Le notizie in arrivo dalla Procura milanese interrogano anche e soprattutto i troppi ruoli giocati dal governo in quella partita e persino le diverse strategie all’interno dello stesso esecutivo: Giorgia Meloni e i suoi uomini macchina (Giovanbattista Fazzolari e Gaetano Caputi) da un lato e il ministro dell’Economia Giancarlo Giorgetti dall’altro, fin dall’inizio hanno pensato a esiti assai differenti per l’operazione messa irritualmente in piedi per guidare Montepaschi insieme alla cordata Caltagirone-Delfin-Bpm
Palazzo Chigi pare schiacciato sulle strategie dell’editore del Messaggero, che da anni – insieme a Delfin, la holding dei Del Vecchio – prova a prendersi Generali via Mediobanca: un (legittimo) assalto al cuore del risparmio italiano stavolta portato attraverso una banca di cui il Tesoro è primo azionista.
In sostanza il duo Calta-Meloni sta provando a dare l’assalto al cielo finanziario: per riuscire ha chiamato a raccolta persino le casse di previdenza, sensibili agli squilli di Palazzo Chigi, ma dovrebbe convincere anche quel che resta del “salotto buono”,
da Unicredit a Mediolanum, dai Benetton ai fondi esteri, e il deflagrare dell’inchiesta milanese certo non aiuta…
Se gli andrà bene la destra di governo avrà ridisegnato la mappa del potere italiano e potrà fregiarsi del titolo di Fratelli di Banca, se andrà male si ritroverà all’opposizione un pezzo non irrilevante del mondo del credito e con un’inchiesta che per ora sfiora gli amici e l’esecutivo e domani chissà.

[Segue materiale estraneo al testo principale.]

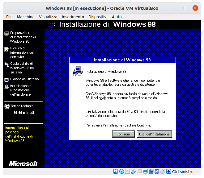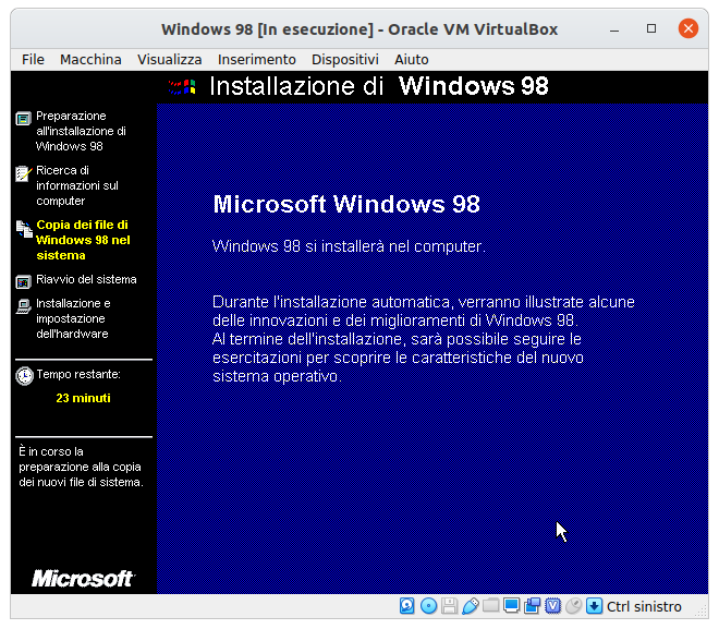 Windows 98 si riavvierà automaticamente e, rullo di tamburi… il sistema è finalmente installato!
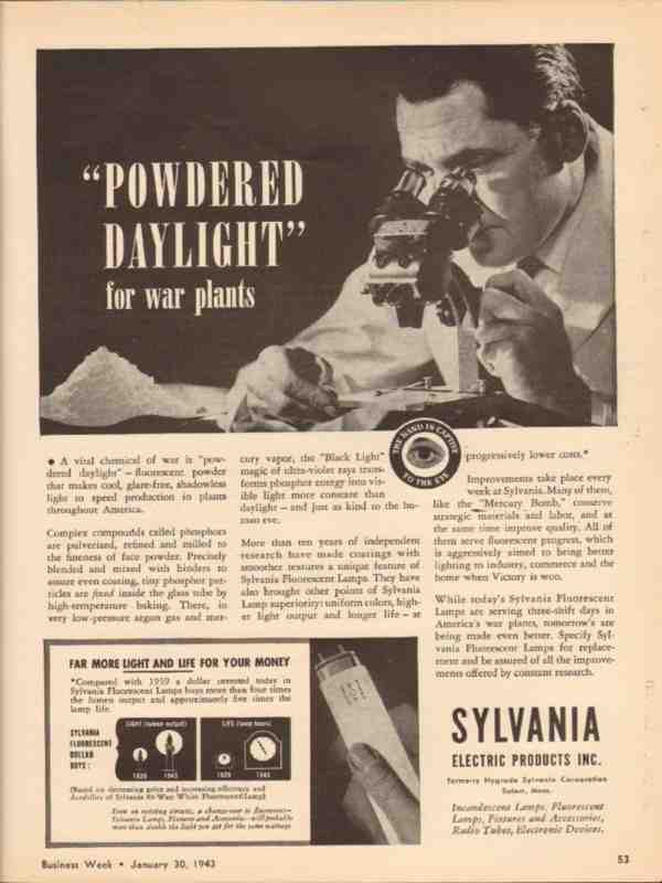 sylvania electric products inc 1943 powered daylight ww2 vintage ad
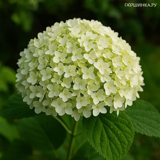 Куст густой, со временем приобретает округлую форму. Высота взрослого растения 1,1–1,5 м, ширина до 2 м. Побеги крепкие, светло-зелёные, не полегают под тяжестью соцветий. Листья крупные, овальные, летом насыщенно-зелёные, осенью с лимонным оттенком. Бархатистая фактура листовой пластины придаёт растению особую выразительность.
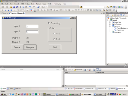 Для начала поменяем свойство формы Text на My first Example и увидим, что изменился заголовок формы.
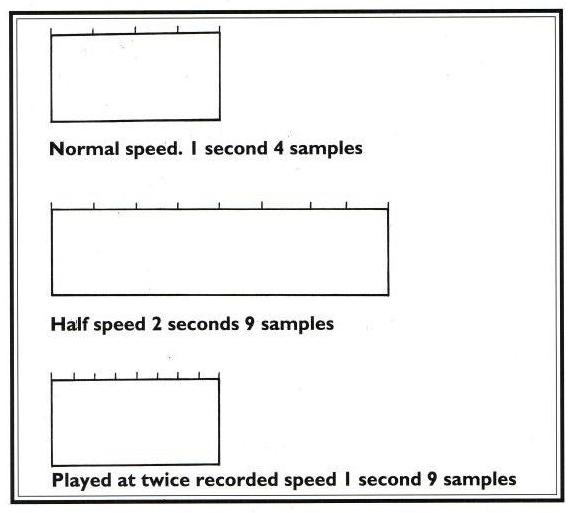 A follow up on Digitising by Master Nick Hutton. Hopefully those ofyou who typed in the Digitiser listing in the May edition of ACU will now have fully debugged , working copies secreted amongst your Disk collection. You should now be familiar with the listing's operation and eager to utilise it's output in your own programs. In it's current form it is not the easiest little subroutine to add to your programming masterpiece. The first step to using the program in your own listing is to get it into a neat and more memory efficient form, a Binary file, (gasp of horror). To accomplish this mind blowingly d ifficult operation you must first have a completely bug free, fumigated program, & la ACU May. Run the Digitiser program as it appears in the magazine, we now need to get into BASIC by pressing ESCAPE twice, not by selecting option five on the Menu, dummy. Next, just enter the following short linesof BASIC, making sure you have a Disc with a couple of K free in the built in pop up toaster. (That reads Disc Drive for those with a limited sense of humour). SAVE "DIGICODE.BIN”,B,&A0OO,&208Finished already? You should now have a Binary file on Disc of approximately 1K in length, if not, consult your Bank Manager or Local M.P. The program is now in a much more portable form.To incorporate it in your latest moneyspinner just add the following lines at the start of your program which form a short loader. 10 H=HIMEM 20 IF H=36863 THEN 60 ELSE 30 30 MEMORY &9FFF 40 LOAD “DIGICODE.BIN",&A000 50 CALL &A000 60 MEMORY “Start address minus 1” 70 LOAD “SOUND.BIN", start address, length 80 REM Start of your ProgramThe loader incorporates a short routine which makes sure that the Digitiser is not loaded-in more than once, which means that every time you alter your program and then run it, you won't have to wait for the Binary file to load again. (We don't neglect Tape users here at Amstrad Computer User).Line 70 will load in the sample you have recorded previously with the Digitiser. You should amend the details of this line, eg: file name, start address and length, to suit your own sample, which should be saved on Disk or Tape. You must also change line 60 to reserve the correct amount of memory for your sample. For example if my sample started at &2000 the statement in line 609 should read: MEMORY &1FFF (We can't all count in Hexidecimal). With patience, and more than a bit of luck, both the Digitiser code and your sample should be safely in the computer's memory and ready for playing. To play a sample you must enter the RSX instructions into the desired lines of your program, no more friendly menu I'm afraid. Playing a sample is really very simple if you can remember the start and end addresses. The following line will play your sample. |PSOUND, START ADDRESS, END ADDRESS, VOLUMEOnce again please amend the line to suit your sample's details. It is of course possible to record sound from within your program in a similar manner using the RSX |RECORD.As soon as the RSX has been issued with the correct parameters, and your sample has been played, command will be returned to your own basic program and the next instruction will be carried out. At this point I feel that I must remind you that you shouldn't sample a sound from say, a music cassette, without first seeking permission of the copyright holders for that piece of music. (I won't tell if you won't). I expect that many of you are wondering why your samples are not as clear as those on say, Chase HQ or Shinobi. Well, the secret to a clear sample is all in the speed of data sampling and bits per second. The trick is to cram as many sampled bits as possible into each piece of analogue sound. The more pieces of sound the com-putertakes in the smoother the sample. Your samples sound rather harsh because the computer does not take in every single piece of data on your audio tape, it only remembers an evenly spread section of sound, hence the somewhat crackly nature of playback. So what we need is to find some way of squeezing more data into each sound the computer reads. After some careful thought I deduced that there was a way of increasing the perceived sampling rate and so clarifying the digitised sound. Before 1 continue, 1 should explain that the following procedure for digitising sound will only work on First Bytes Digitiser as the listing in the May issue of ACU doesn't have all the required functions. (Whaddya expect for 1K of code?) Firstly, we must slow the analogue sound down to half speed, your cassette recorder may have a half speed setting. Make sure your sound is at half speed before sampling it in. Then set the recording speed option to normal speed, and record your sample. Next, once your sample is in memory, select the playback speed setting and set it to twice normal speed. When your sound is played back it should be much clearer. This is because it contains twice as much digital data as the original sample and is therefore twice as clear, theoretically. (The diagrams should help explain the mechanics of the operation) It is also theoretically possible to keep on slowing down the speed of the analogue data “ad infinitum" but a “half speed ratio" should be quite sufficient for your purposes. And on that last note I conclude my little expedition into the outwardly baffling subject of digitising. ACU | Cramming in the data Each red dot represents a sampled bit of data. The length of each rectangle is proportional to the length of analogue tape that the sound would take up and therefore the overall amount of time it takes for the sample to play. Closer examination of the process reveals that it is possible to cram in twice the sampled data or bits, into a sample of the same perceived length as a sound of normal speed. This means that the sample uses twice as much memory as a normal one, the only drawback. |
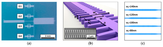The employed 1D PC corrugated waveguides have been fabricated on a silicon-on-insulator (SOI) wafer employing e-beam lithography (EBL) and inductively coupled plasma etching of the top silicon layer (see Figure 1a). The parameters of the 1D PC structures are the following (see Figure 1b); height (h) of 220 nm, width (w) of 460 nm, period (a) of 380 nm, transversal elements length (we) of 1500 nm, and four possible transversal elements widths (wi): 140, 120, 100, or 80 nm. In order to improve light coupling to/from the 1D PC structures and the input/output single mode waveguides (also with a width of 460 nm), a 5-element taper was included. These silicon integrated 1D PC structures are highly compact (footprint below 50 µm2), thus offering the opportunity to create arrays of sensors within the same photonic chip. Accordingly, in this work, we have designed a photonic chip containing 16 PC sensing structures distributed in 4 groups (named G1, G2, G3, and G4) of 4 PC sensors with the different wi parameters previously indicated (see Figure 1c). Besides the PC sensors groups, alignment reference waveguides were also included in the chip. All the photonic structures within the chip were accessed at the input and the output via 70-nm-deep shallow etched 1D grating couplers.
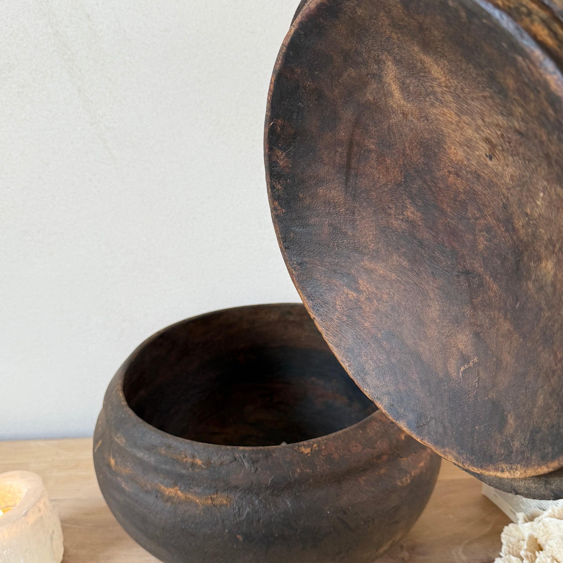 Each of these hand-carved pots is a one-of-a-kind antique, originally used on Berber farms in the Moroccan mountains. Due to their age and history, expect signs of wear such as imperfections, repairs, and chips. This remarkable rustic bowl with lid carries a rich heritage and offers an authentic accent to enhance the character of a modern rustic interior.
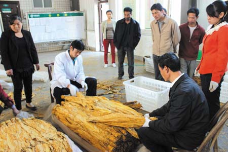近日,上龛乡的烟农正在烟站交售烤烟(如图)。据了解,今年上龛乡种植烤烟5750亩。受遭受灾害性天气影响,产量比预计有所下降,在该乡党委政府及烟草部门的及时帮扶指导下,灾害损失被降到最低。今年全乡烟叶收购计划1.34万担,预计可收购烟叶1.5万担以上。 (刘丹 摄)
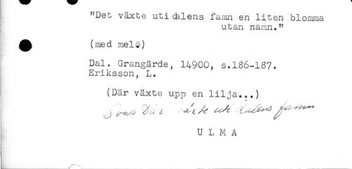 //// "Det växte uti(ålens farm en liten blomma //// utan namn." //// ^ (med mel$) //// Dal. Grangärde, 14900, s.136-187* //// Eriksson, L. //// (Där växte upp en lilja...) //// ^ z : , yr , , ^ — //// U L M A ////
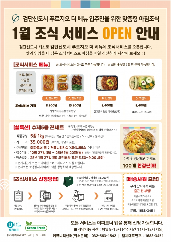 이러한 변화의 일환으로 인천 서구 검단신도시에 위치한 '검단신도시 푸르지오 더 베뉴'는 2025년 1월부터 아파트 주거서비스 전문기업인 ㈜유라이프와 협업해 조식서비스를 런칭한다고 발표했다. 이번 서비스는 검단신도시에서 처음으로 시행되는 아파트 조식서비스로, 검단신도시 대표 단지로서 '검단신도시 푸르지오 더 베뉴'의 단지 프리미엄과 가치를 높이고 입주민의 주거 생활 편의를 도와 주거만족도를 한층 강화할 것으로 기대된다.
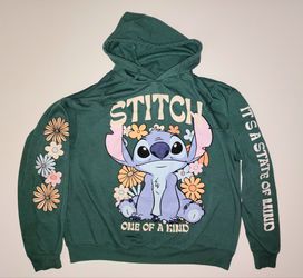 Disney Stitch lightweight hoodie women's size Large "One of a kind" "It's a state of mind" green$7Davis, CA
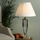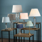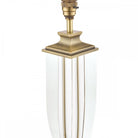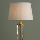 The Laura Ashley Carson table lamp is a rather grand statement table light with a solidity belied by the clear, cut crystal body, hand polished to give a smooth surface. Standing foursquare, the metal base supports the column-shaped body, reminiscent of the shape of a slender classical vase. This handsome table lamp sports a warm antique brass finish.
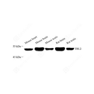 WB检测TBL2蛋白(货号 GB113048). 样品: 经RIPA裂解液(货号G2002)处理的蛋白质. 封闭: 封闭: 3%脱脂牛奶(货号GC310001)溶于TBST溶液, 室温孵育1小时. —抗: 1: 1000稀释, 4℃ 孵育过夜. 二抗: HRP标记山羊抗兔IgG (H+L) (货号GB23303), 1: 5000稀释, 室温孵育1小时. |
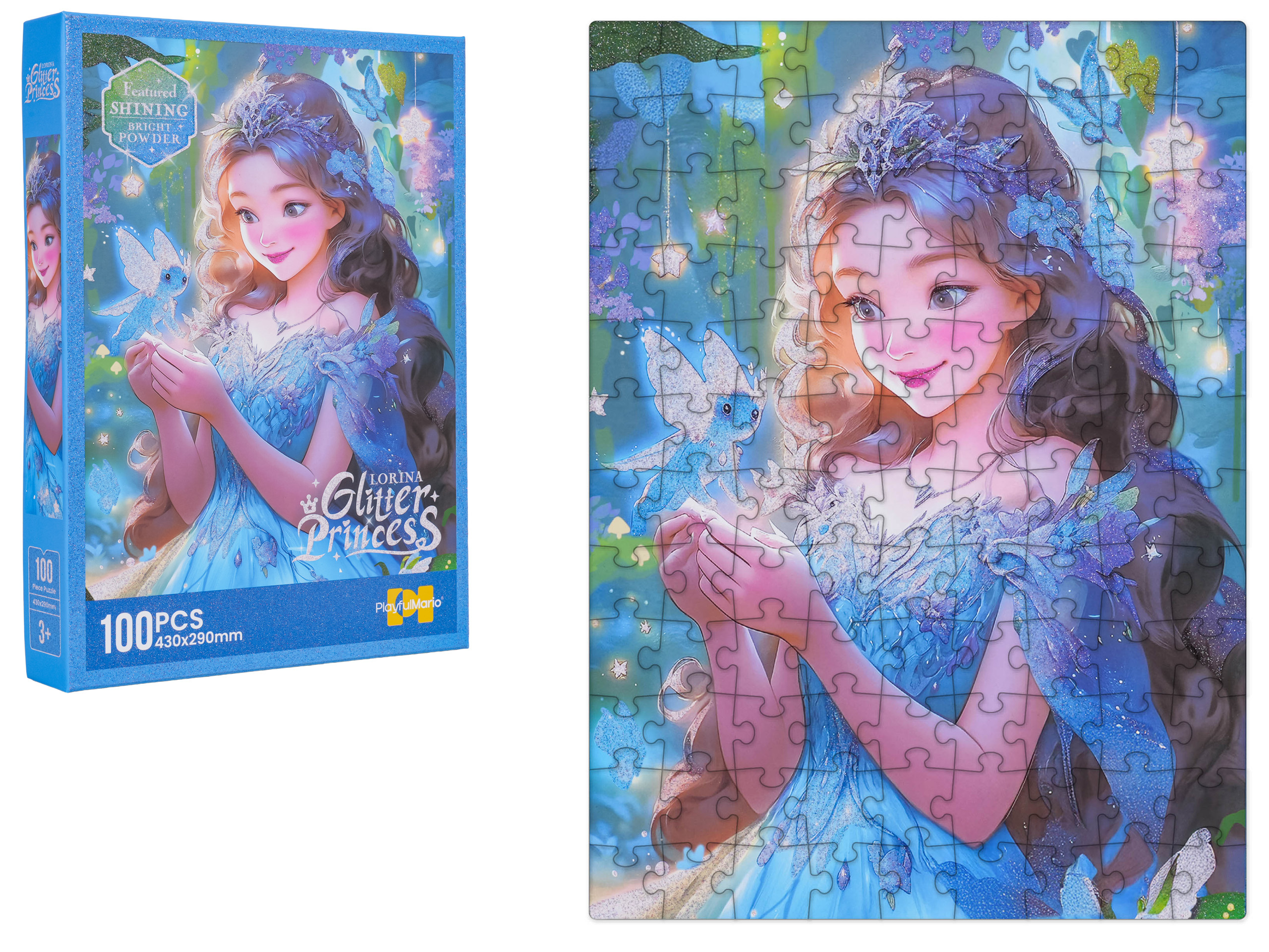 Sada puzzle 100 dílků s modrou vílou pro děti od tří let. Po složení vznikne obrázek s prvky třpytu, o rozměrech 43 cm x 29 cm. Skládání puzzle nás učí koncentraci a také zaměření na jednu věc. Umožňuje nám se odreagovat, zapomenout na problémy. Puzzle nás učí logickému myšlení, rozpoznávání tvarů a příznivě ovlivňují naši vizuální paměť.
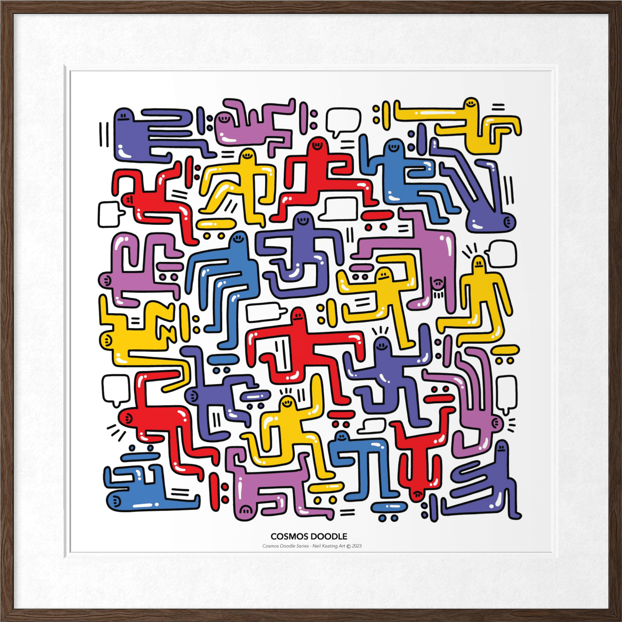 Part of the Cosmos Doodle Series, this piece explores movement and rhythm through a network of abstract figures. Free-flowing line work and bold colour create a balanced composition that feels both playful and considered.
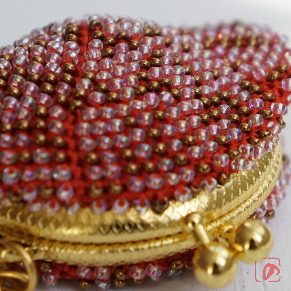 2mmのシードビーズをひとつぶづつ全面に編み込んだ、上質ながま口です。
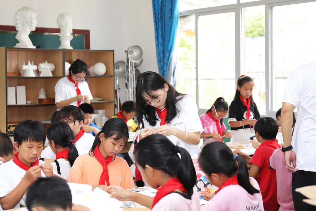 厦门信达爱心团队还为“八一”希望小学的孩子们带来了别出心裁、体验丰富的手工DIY课程与音乐课程。支教团队陪伴孩子们共同制作教师节贺卡、手工礼物,同唱的一曲《有你就幸福》,带给孩子们渴望的温暖。亲密无间的交流,细致与投入的教学工作,也给志愿者们留下了难忘的支教体验。
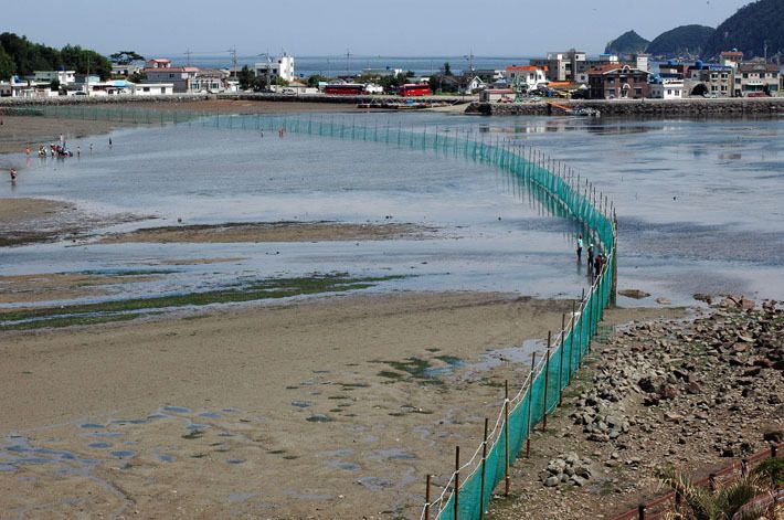 마침 지금 썰물 시간이네요, 이렇게 갯벌이 드러나면 조개도 캐고, 물고기도 잡는 다양한 갯벌체험프로그램이 펼쳐진다고 합니다.
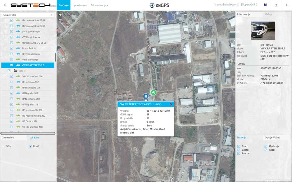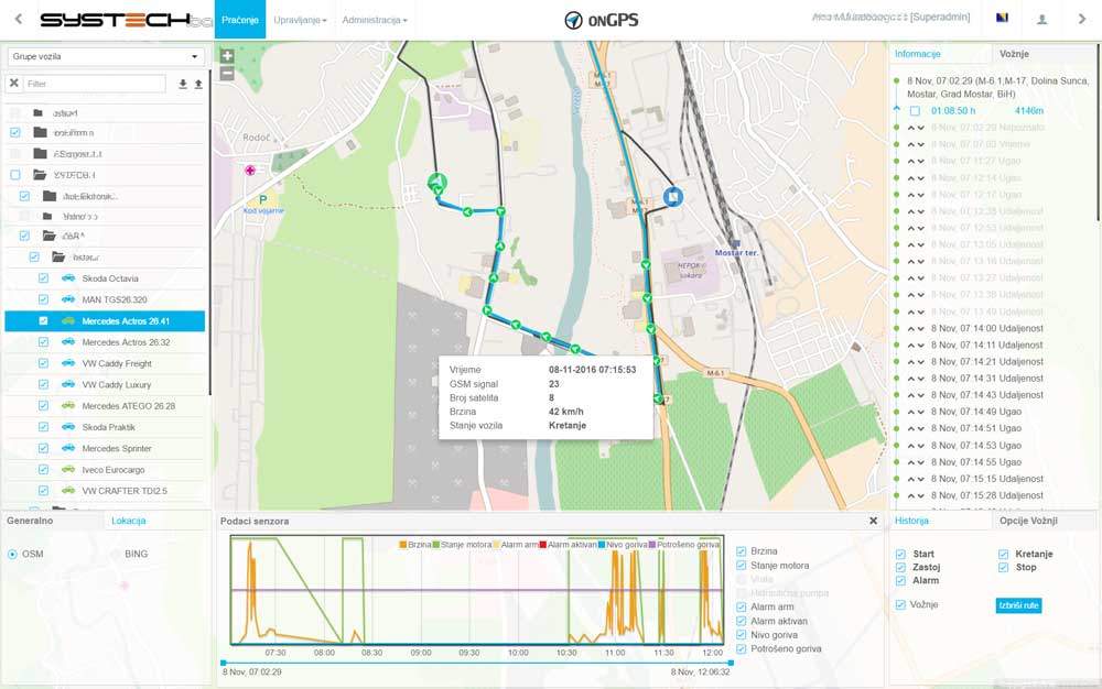 The user has access to the web application which is used to present data visualization and statistical graphics.The data is shown in an intuitive and easily understandable manner and, by using it, the user has a detailed overview of the state, movement and the current positions of his vehicles. The onGPS application also offers multifunctional possibilities and advanced tools such as: reviewing the vehicle rides history with detailed data in certain points of interest; reviewing vehicle maintenance service history and predicting the approximate date when the next vehicle maintenance service will be needed; simply and efficiently issuing work orders to drivers; viewing and analysing all the statistics, and other actions neccessary for efficient vehicle fleet supervision and management.
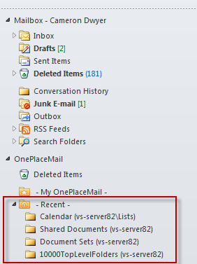 The challenge we faced in the development of this functionality was in determining the sort order of folders in Outlook 2010. For the Recent Locations functionality we would need the most recent folder at the top and for the folders to be in the order of when they were last used. Folders sort alphabetically in Outlook and in previous releases it has been possible to customize the sort order of the folders (MAPI code). Outlook 2010 removed the ability to customize the sort order using the old techniques. At the time of development we were not aware of anyone who has been able to achieve this and found several posts and articles stating it wasnāt possible in Outlook 2010. As you can see from the screenshots above, we have managed to achieve it in OnePlaceMail Release 6.1.
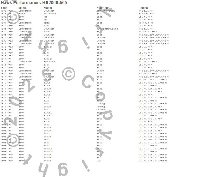 Below is an abreviated list of applications for the Disc Brake Pad.
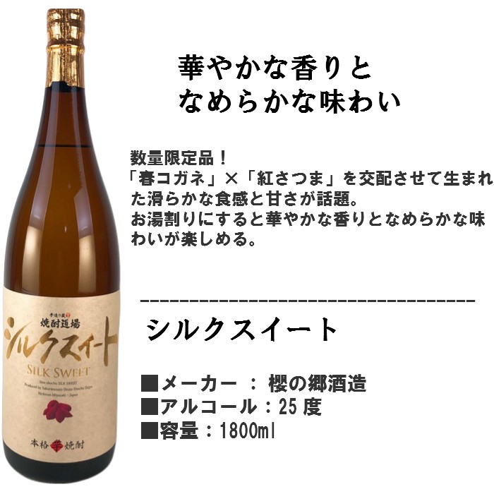 数量限定品!「春コガネ」×「紅さつま」を交配させて生まれた滑らかな食感と甘さが話題。お湯割りにすると華やかな香りとなめらかな味わいが楽しめる。

Giorgetti e il Tesoro sono in teoria i più esposti alle indagini sull’asta di Abre per vendere il 15% di Mps, essendone i committenti e, si spera i vigilanti. Paradossalmente, però, il ministro leghista gioca un’altra partita rispetto ai “romani” Calta-Meloni: l’ingresso di Bpm e Anima (che è di Bpm), coi due soci privati, in Montepaschi doveva essere il primo passo di una fusione tra Milano e Siena che creasse una solida banca insediata nel Centro-Nord e orientata ai prestiti alle imprese, specie le Pmi.
Insomma un terzo polo bancario che fosse alternativo alle due potenze Intesa e Unicredit. Per questo Giorgetti sta provando a bloccare col golden power la reazione di Unicredit, che all’improvviso ha messo nel mirino Bpm. La cosa curiosa è che la premier e il suo ministro non possono vincere entrambi.